Tak hanya NFA, Direktur Serealia Direktorat Jenderal Tanaman Pangan Kementerian Pertanian Ismail Wahab mengatakan telah berkoordinasi dengan dinas-dinas yang membidangi pertanian di tingkat provinsi. Dari koordinasi tersebut, terdapat kesanggupan pengadaan beras untuk Bulog sebanyak 353.620 ton.

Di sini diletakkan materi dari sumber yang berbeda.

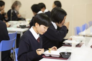恵風寮(女子寮)の生徒は校内の食堂で揃って昼食をとっています。 今年度寮生が増えたことに伴い、食堂の中に専用スペースが設けられました。

Apabila Bulog ikut membeli stok beras dari penggilingan dengan skema komersial, Sutarto khawatir, harga di tingkat penggilingan dapat terdongkrak. ”Langkah ini kurang tepat. Selain itu, siapa yang dapat menjamin perputaran beras tersebut (tidak merusak pasar),” ujarnya.
Anggota Dewan Penasihat Perhimpunan Ekonomi Pertanian Indonesia (Perhepi), Bayu Krisnamurthi, mengatakan, penggilingan sudah memiliki kontrak dengan mitra pasarnya. Jika Bulog membeli beras dari penggilingan, stok di pasar mitra tersebut akan berkurang sehingga berdampak pada kenaikan harga.
Dalam rapat dengar pendapat Komisi IV DPR, Rabu (16/11/2022), Direktur Utama Perum Bulog Budi Waseso mengatakan, realisasi pengadaan dari kontrak dengan mitra penggilingan cenderung rendah. Dia mencontohkan, terdapat kontrak sekitar 500.000 ton hingga Desember 2022. Sayangnya, realisasinya hingga saat ini baru mencapai 92.000 ton.
Dua hari kemudian, Bulog mengisyaratkan akan mengimpor beras. Budi menyebutkan, Bulog telah memiliki beras sebanyak 500.000 ton di luar negeri. Beras tersebut dapat didatangkan kapan pun ketika stok beras dari dalam negeri tidak mencukupi.